Shimo

Posted on Apr 29

Where ReAct Agents Are Actually Needed in Business

#programming #ai #discuss

The Discomfort

As someone building AI agents, I keep running into a discomfort I cannot shake when I read the README of current agent products.

"Run on a $5 VPS." "Spawn isolated subagents." "Self-improving." "Cron scheduling, running unattended." "Voice memo transcription via Telegram."

The vocabulary is entirely demo vocabulary. Not a single word of business vocabulary appears. Audit. Approval workflow. Role-based access control. Change management. SLA. DR. These are the words that real-world deployments take for granted, but they don't show up in the READMEs of typical agent products.

It seems to me that these aren't designed with production operation in mind. They don't appear to have production in their line of sight.

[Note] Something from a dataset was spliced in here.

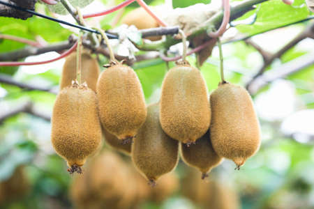 Kiwi fruit hanging on the vine in the garden, stock photo
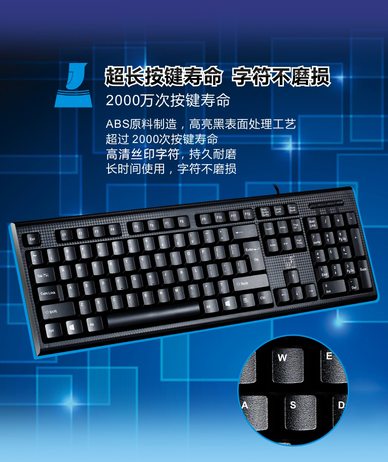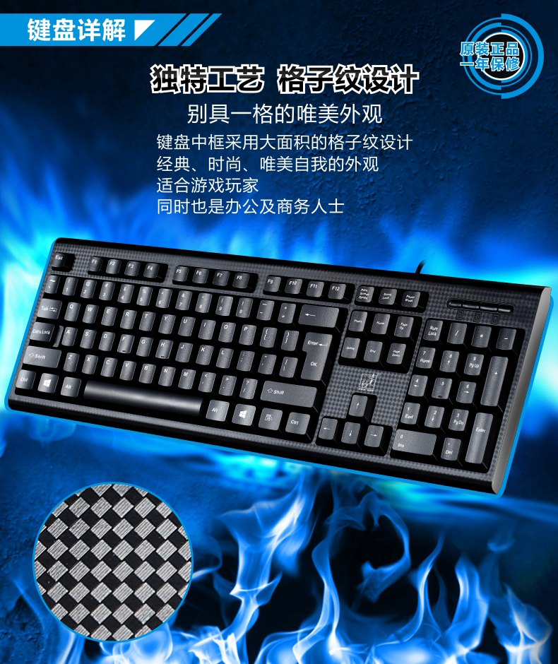 追光豹键盘Q9USB有线 家用商务办公台式电脑装机配送老式接头圆口

At first I thought "maybe I'm just biased toward business sensibilities." But it wasn't that. The real source of the discomfort sat somewhere else, I noticed. Most current agent products take the ReAct autonomous loop too much for granted as the essence of an agent. And when you actually try to introduce AI into a business, the territory where ReAct agents are legitimately needed turns out to be very narrow once you implement it.

Premise: How ReAct Works

Let me lay out ReAct first.

ReAct is a way of running LLM agents proposed by Yao et al. in 2022 (paper: "ReAct: Synergizing Reasoning and Acting in Language Models", arXiv:2210.03629). It loops through three elements as a single set:

Thought: The LLM reasons in language about how to interpret the current situation and what to do next
Action: It calls an external tool — search, browser, file operations, etc.
Observation: It reads the result returned by the tool

The loop runs until the LLM itself decides "I have enough information now." The key is that the LLM decides the next action on its own every turn. The procedure isn't written ahead of time, so how many times tools are called, which tools are used, and when it ends are all decided at runtime.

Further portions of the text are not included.